# Exercise
The required answer is an exact copy of every line from the beginning of the entries through the line with "Трикотажный костюм-двойка из", with all pictures omitted.

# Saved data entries
[Start of section]

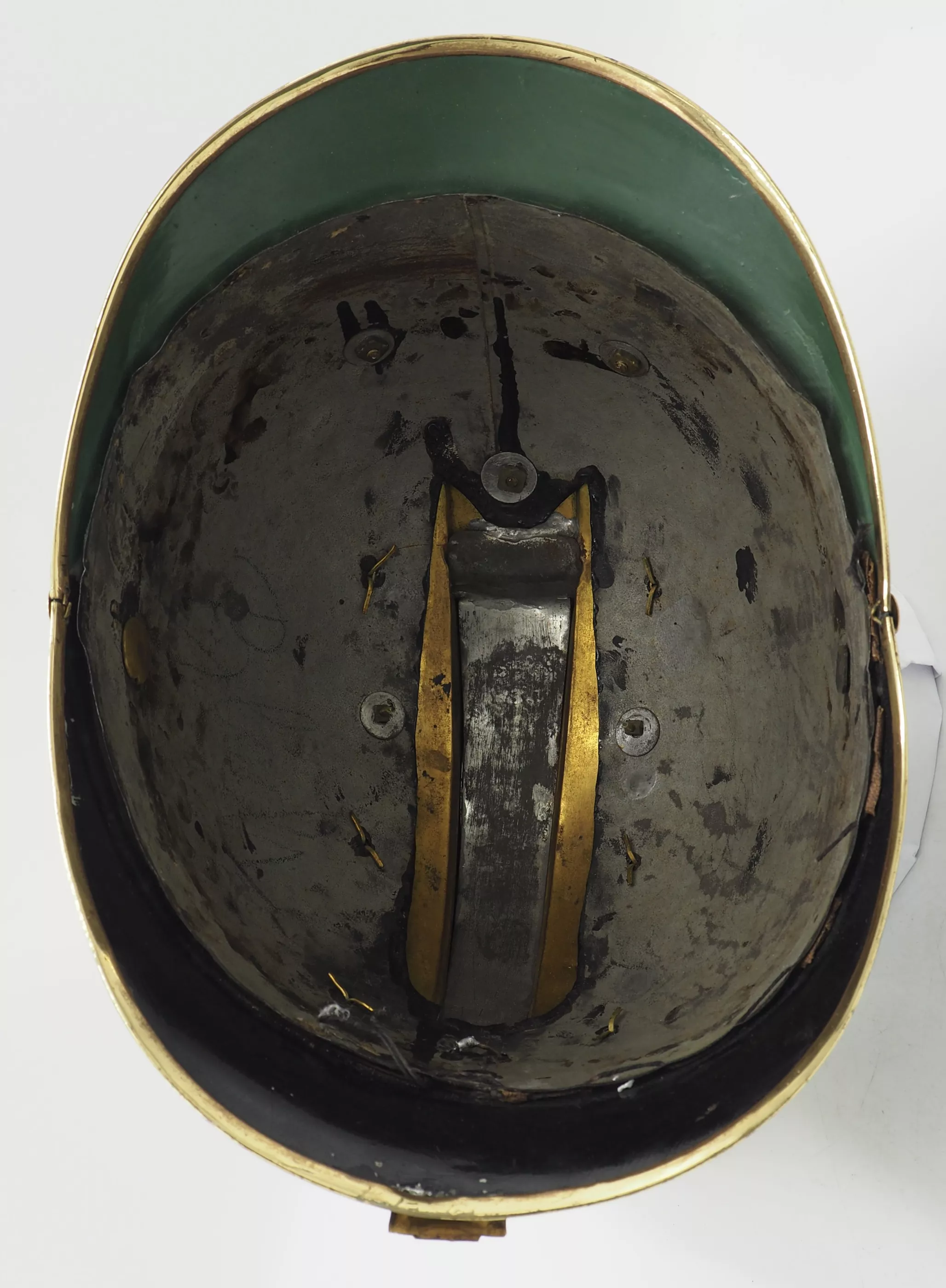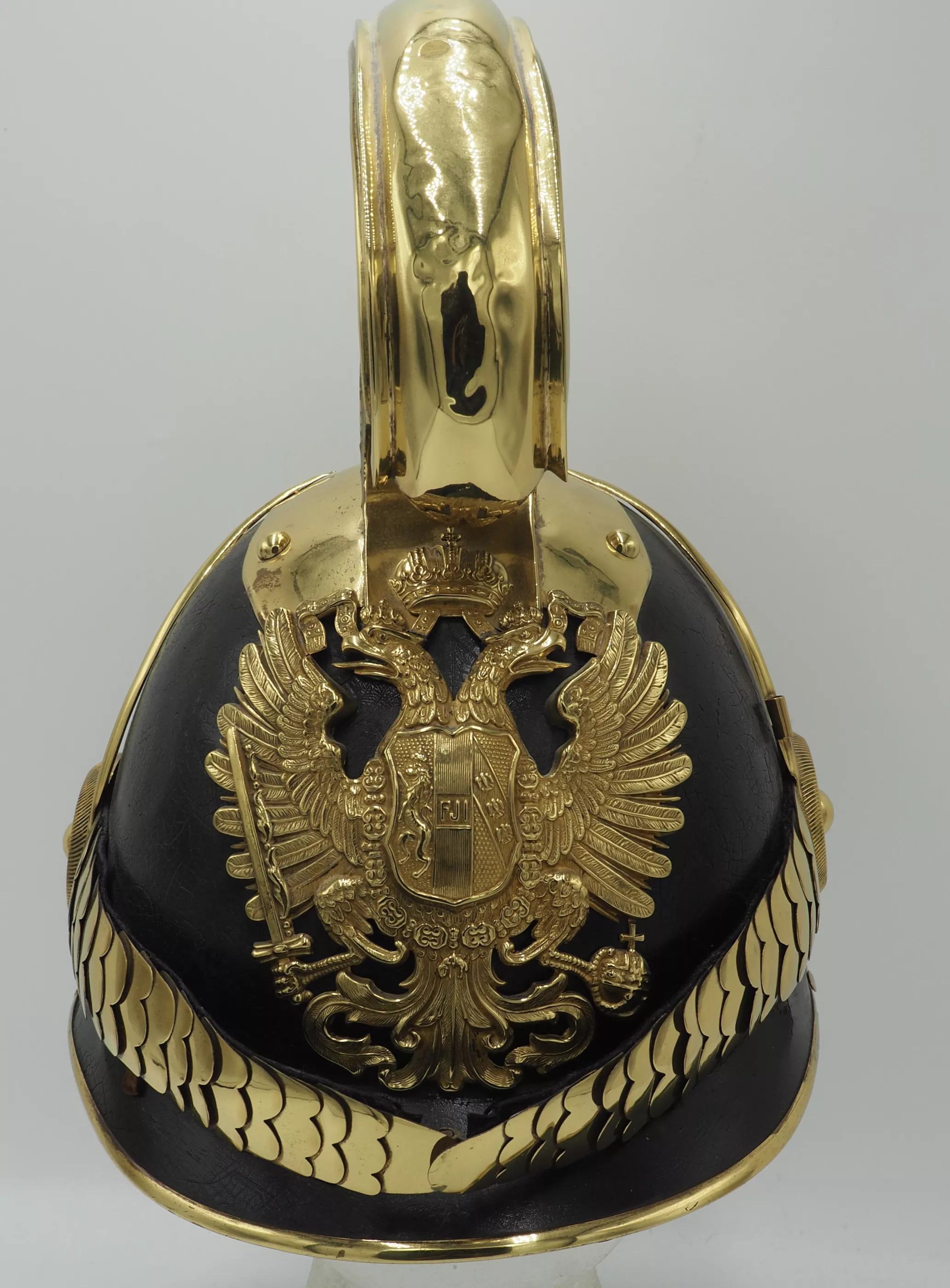 Black lacquered metal helmet shell in excellent overall condition with only minor flaws. Tall Brass Cimier held to helmet with split brads. All brass trim including side protectors and visor trims. The Austro-Hungarian double headed eagle with the JFI on its breast for Franz Joseph 1st.. Beautiful set of original convex chinscales attached by a fancy NCO rosette. No liner. We have often encountered Manschafts or Officers helmet form this Unit...but this is our first NCO dragoon.
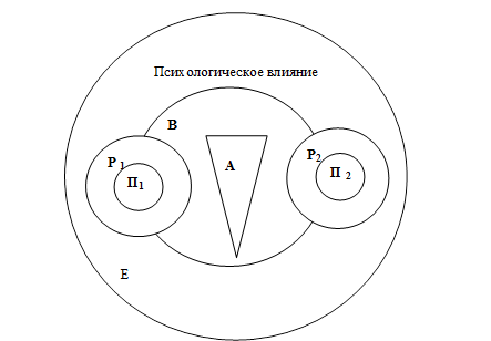 П1 , П2 – деловые партнеры; Е- социальная среда делового общения, включающая в себя объективные факторы; А- предмет делового общения; В- психические процессы межличностного общения деловых партнеров; Р1 ,Р2 - личностное психологическое пространство деловых партнеров.
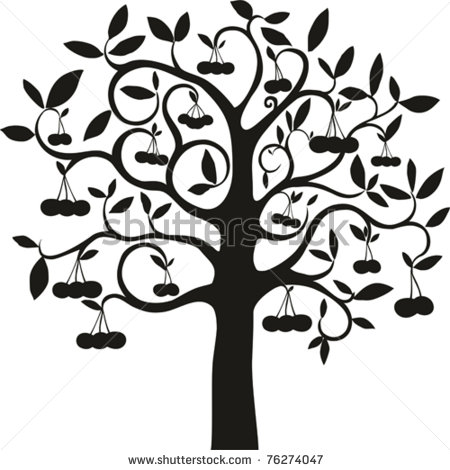 Realistic apple tree drawing: cherry tree - stock vector
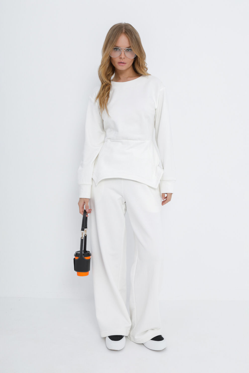 Трикотажный костюм-двойка из приталенного джемпера и свободных брюк.
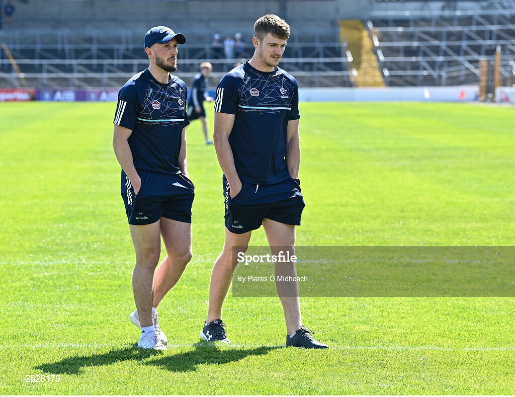 3 June 2023; Kildare players Neil Flynn, left, and Kevin Feely walk the pitch before the GAA Football All-Ireland Senior Championship Round 2 match between Kildare and Dublin at UPMC Nowlan Park in Kilkenny. Photo by Piaras Ó Mídheach/Sportsfile

[End of section]

# Your solution
 Black lacquered metal helmet shell in excellent overall condition with only minor flaws. Tall Brass Cimier held to helmet with split brads. All brass trim including side protectors and visor trims. The Austro-Hungarian double headed eagle with the JFI on its breast for Franz Joseph 1st.. Beautiful set of original convex chinscales attached by a fancy NCO rosette. No liner. We have often encountered Manschafts or Officers helmet form this Unit...but this is our first NCO dragoon.
 П1 , П2 – деловые партнеры; Е- социальная среда делового общения, включающая в себя объективные факторы; А- предмет делового общения; В- психические процессы межличностного общения деловых партнеров; Р1 ,Р2 - личностное психологическое пространство деловых партнеров.
 Realistic apple tree drawing: cherry tree - stock vector
 Трикотажный костюм-двойка из приталенного джемпера и свободных брюк.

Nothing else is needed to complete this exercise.